PROBLEM DESCRIPTION » Once you find the line containing "ヨーロッパとアメリカの新しい" in the data below, copy it and each following line exactly, up to and including the line containing "活動當(dāng)天翠南社區", and nothing else.

SUPPLIED MATERIAL »
● ● ●

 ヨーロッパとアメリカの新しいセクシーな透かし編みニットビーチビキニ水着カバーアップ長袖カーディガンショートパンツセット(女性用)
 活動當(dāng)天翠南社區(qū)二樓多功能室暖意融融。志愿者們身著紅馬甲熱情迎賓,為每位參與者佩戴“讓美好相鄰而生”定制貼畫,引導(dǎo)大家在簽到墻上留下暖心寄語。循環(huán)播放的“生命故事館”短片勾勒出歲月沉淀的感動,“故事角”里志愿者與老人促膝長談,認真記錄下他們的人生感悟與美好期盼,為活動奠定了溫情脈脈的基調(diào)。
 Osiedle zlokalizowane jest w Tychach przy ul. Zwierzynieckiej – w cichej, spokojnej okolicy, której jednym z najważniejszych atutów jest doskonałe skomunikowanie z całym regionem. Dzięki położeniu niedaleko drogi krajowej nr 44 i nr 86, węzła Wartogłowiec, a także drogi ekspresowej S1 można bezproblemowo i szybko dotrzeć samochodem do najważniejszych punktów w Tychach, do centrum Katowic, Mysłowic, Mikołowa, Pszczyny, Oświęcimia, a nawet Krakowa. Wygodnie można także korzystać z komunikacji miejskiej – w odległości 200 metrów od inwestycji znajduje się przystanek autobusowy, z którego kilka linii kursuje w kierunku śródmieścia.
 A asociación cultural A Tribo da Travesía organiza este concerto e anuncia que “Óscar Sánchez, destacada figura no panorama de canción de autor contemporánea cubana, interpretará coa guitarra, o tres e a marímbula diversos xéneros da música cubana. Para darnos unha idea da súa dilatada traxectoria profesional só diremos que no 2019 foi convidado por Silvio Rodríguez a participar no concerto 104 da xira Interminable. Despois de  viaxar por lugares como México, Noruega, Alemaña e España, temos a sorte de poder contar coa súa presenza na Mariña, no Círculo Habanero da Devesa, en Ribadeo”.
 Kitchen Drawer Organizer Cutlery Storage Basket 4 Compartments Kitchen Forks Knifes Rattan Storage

● ● ●

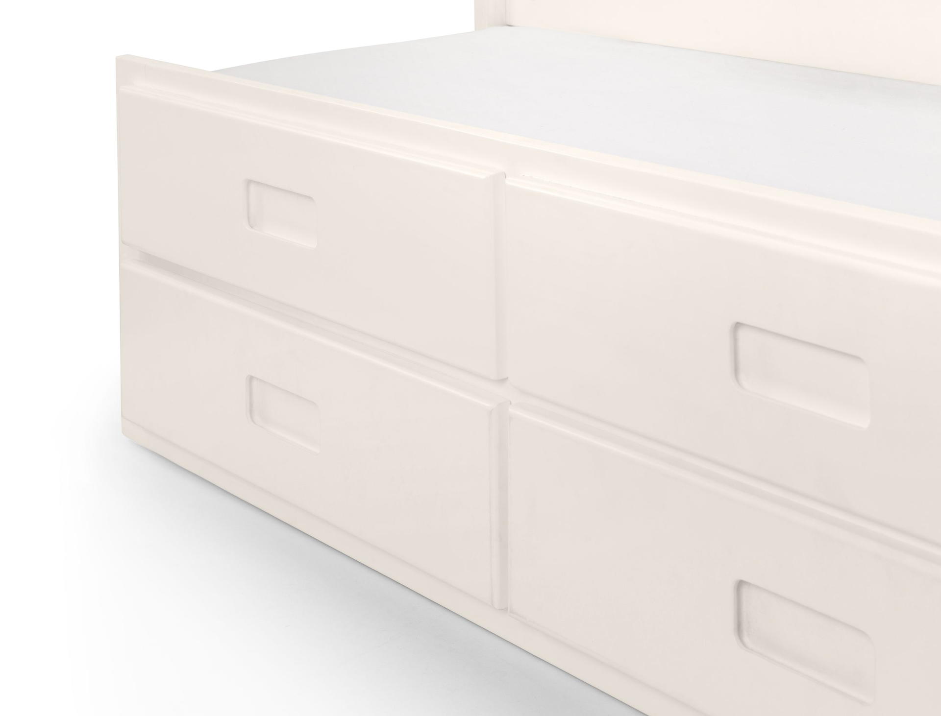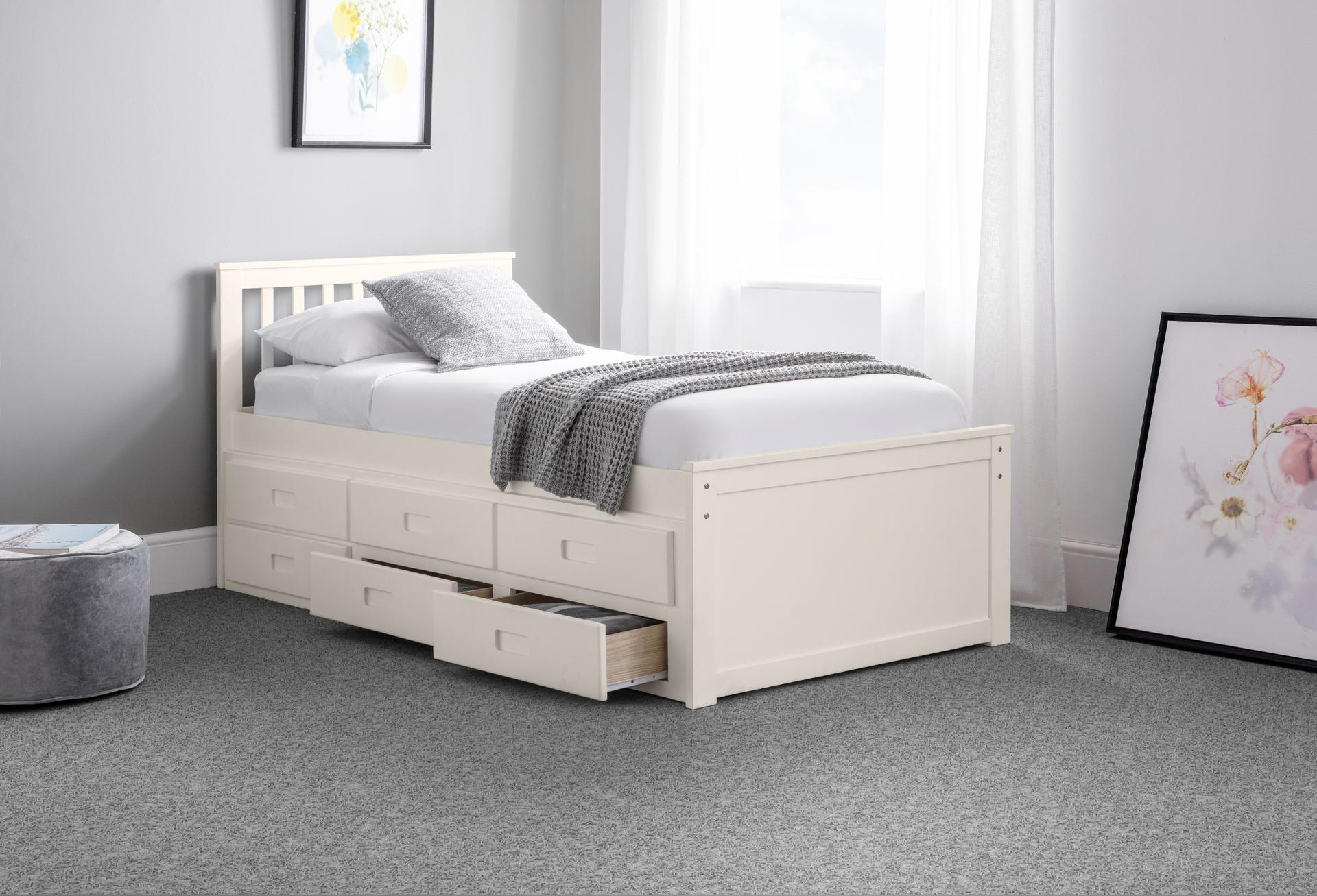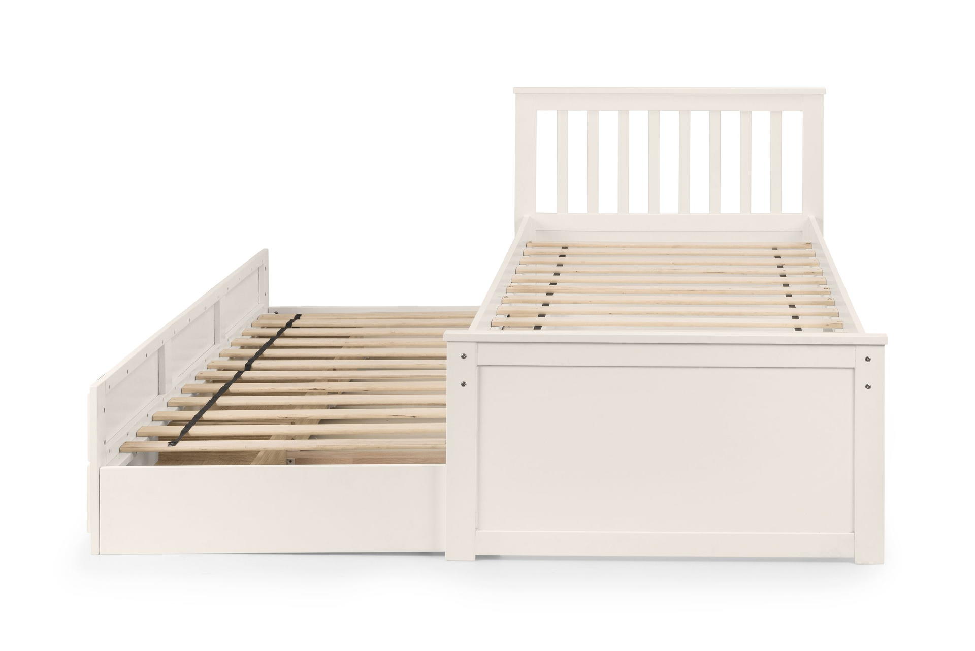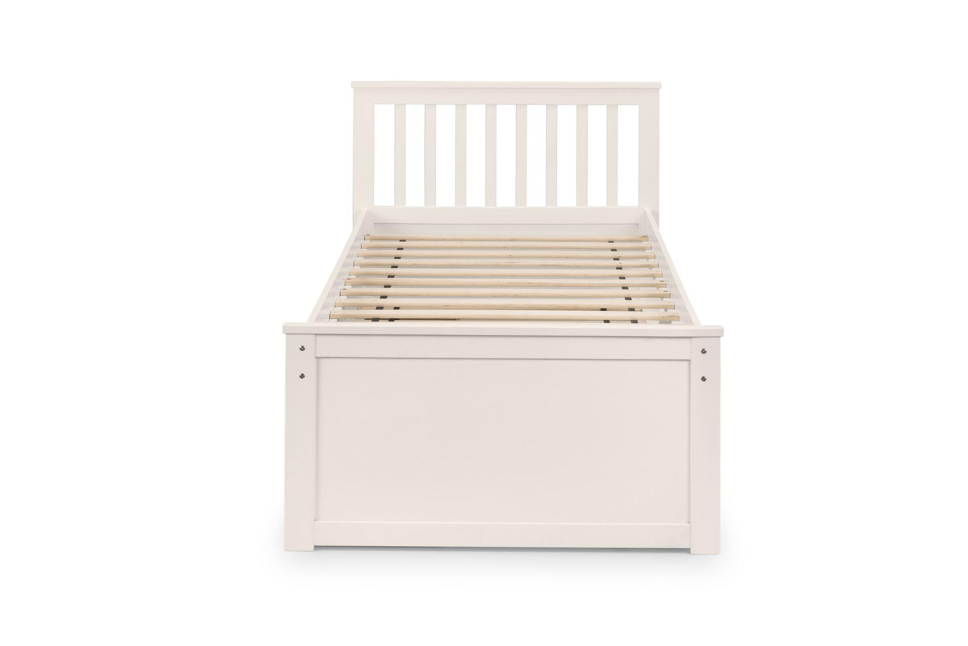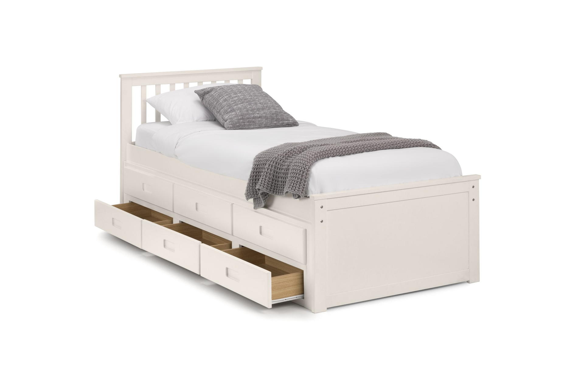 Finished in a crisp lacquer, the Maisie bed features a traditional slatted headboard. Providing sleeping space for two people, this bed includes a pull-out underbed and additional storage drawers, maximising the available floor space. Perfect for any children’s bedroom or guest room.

● ● ●

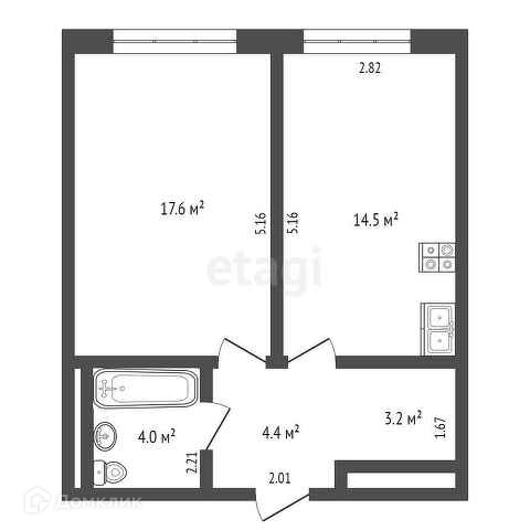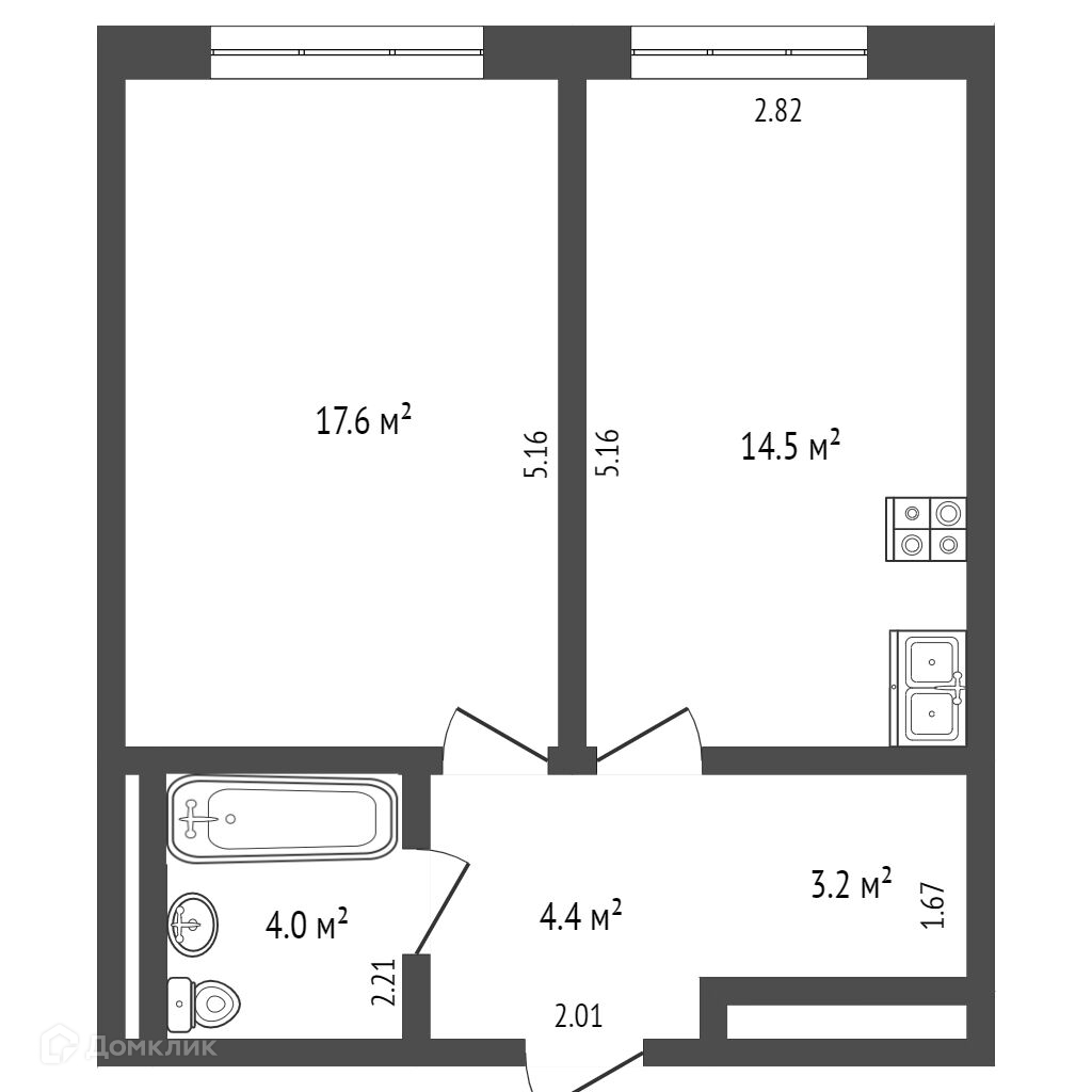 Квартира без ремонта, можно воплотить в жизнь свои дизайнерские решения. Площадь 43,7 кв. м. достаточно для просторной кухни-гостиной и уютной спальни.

● ● ●

RESPONSE TO THE EXERCISE »
 ヨーロッパとアメリカの新しいセクシーな透かし編みニットビーチビキニ水着カバーアップ長袖カーディガンショートパンツセット(女性用)
 活動當(dāng)天翠南社區(qū)二樓多功能室暖意融融。志愿者們身著紅馬甲熱情迎賓,為每位參與者佩戴“讓美好相鄰而生”定制貼畫,引導(dǎo)大家在簽到墻上留下暖心寄語。循環(huán)播放的“生命故事館”短片勾勒出歲月沉淀的感動,“故事角”里志愿者與老人促膝長談,認真記錄下他們的人生感悟與美好期盼,為活動奠定了溫情脈脈的基調(diào)。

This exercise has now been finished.